▸ **YOUR INSTRUCTIONS**
From the listing below, reproduce exactly the lines starting with the one with "An epic map" and going on through the one with "En elegant lang", both ends kept. No picture is copied.

▸ **INPUT DATA**
###

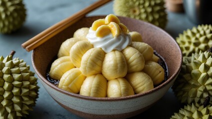 Delicious Durian Dessert Bowl with Whipped Cream Surrounded by Fresh Durian Fruits on a Stylish Blue Background
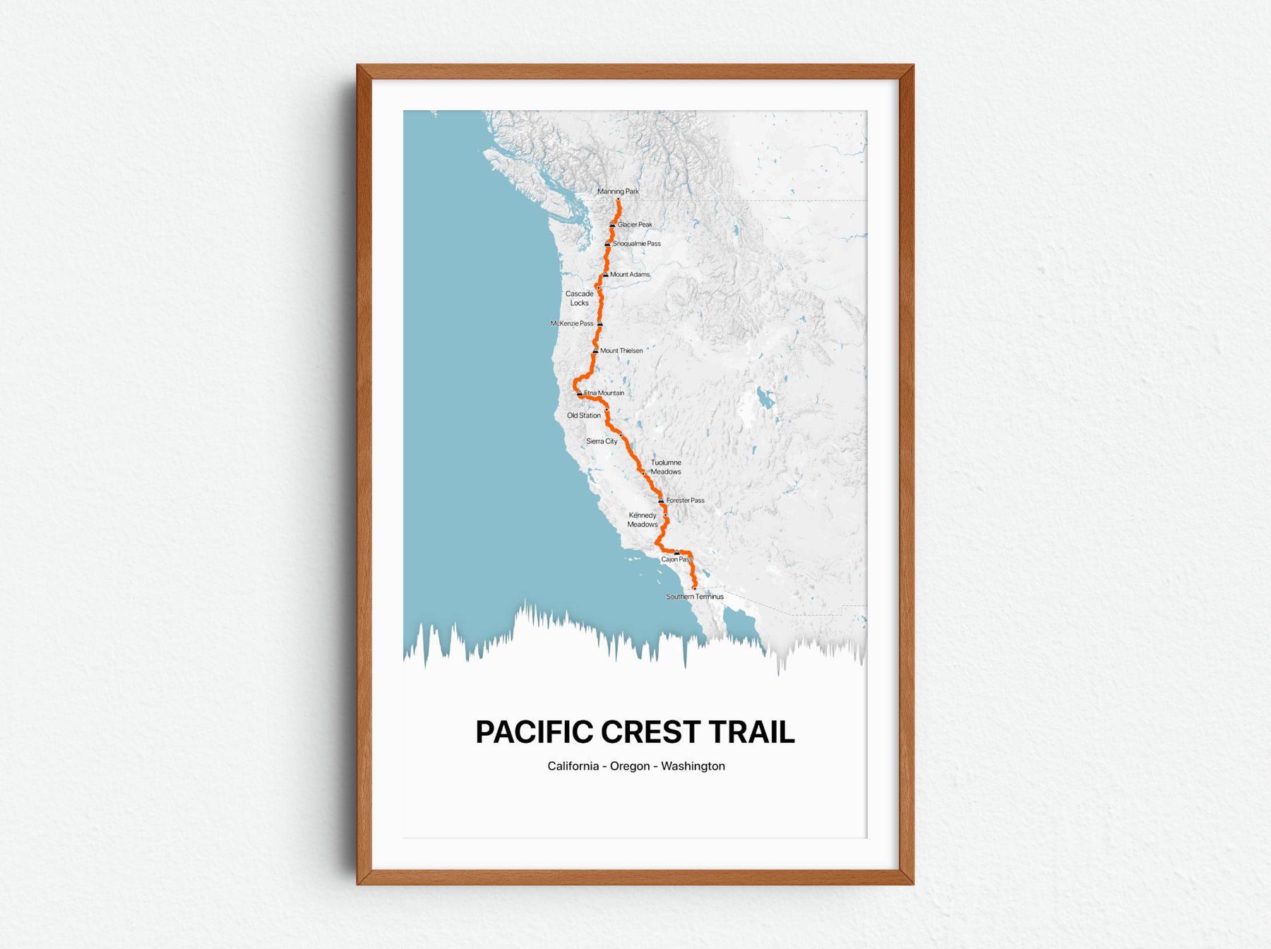 An epic map print of the Pacific Crest Trail, showcasing the breathtaking 2,655-mile journey through California, Oregon, and Washington. Perfect for thru-hikers, outdoor enthusiasts, and anyone inspired by America's most challenging long-distance trek.
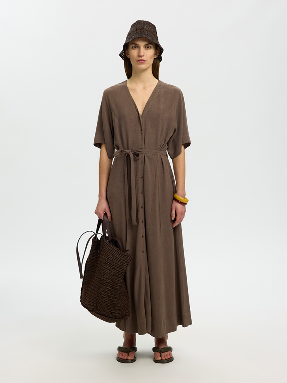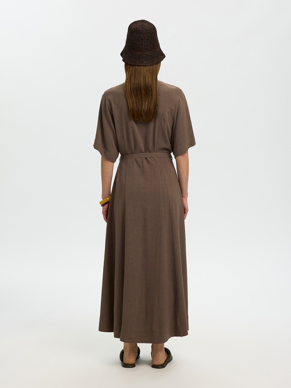 En elegant lang kjole i bærekraftig viskose-linblanding. V-hals, knappelukking og knytebelte i midjen skaper et elegant og feminint uttrykk. 2/4 lange ermer og regulær passform gjør den til et allsidig valg for både jobb og fritid.
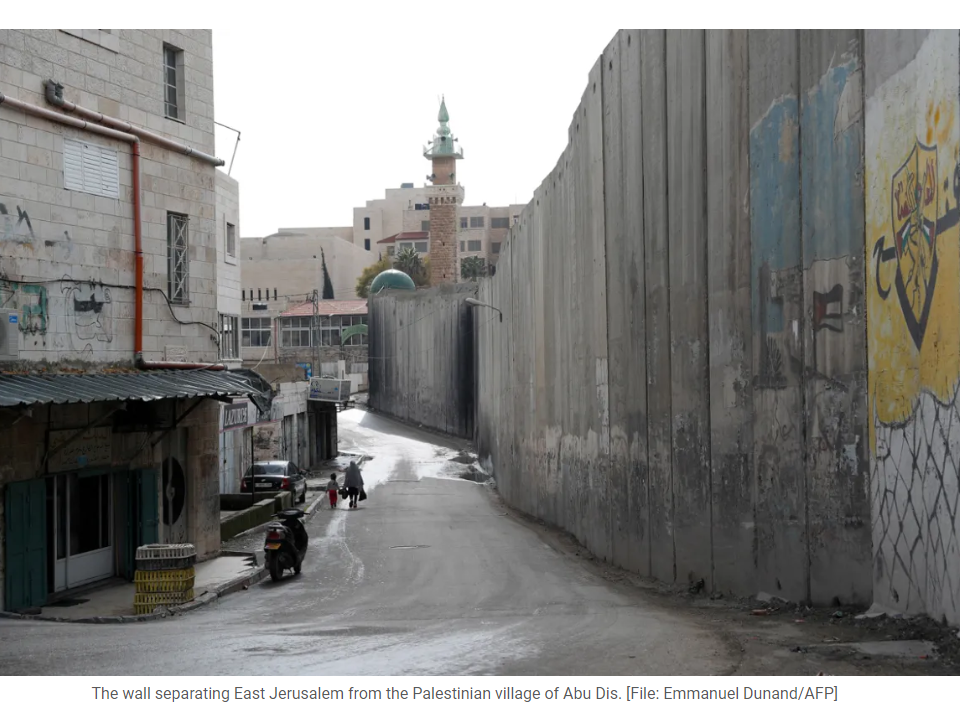 The wall separating East Jerusalem from the Palestinian village of Abu Dis. [File: Emmanuel Dunand/AFP]

###

▸ **ANSWER AREA**
 An epic map print of the Pacific Crest Trail, showcasing the breathtaking 2,655-mile journey through California, Oregon, and Washington. Perfect for thru-hikers, outdoor enthusiasts, and anyone inspired by America's most challenging long-distance trek.
 En elegant lang kjole i bærekraftig viskose-linblanding. V-hals, knappelukking og knytebelte i midjen skaper et elegant og feminint uttrykk. 2/4 lange ermer og regulær passform gjør den til et allsidig valg for både jobb og fritid.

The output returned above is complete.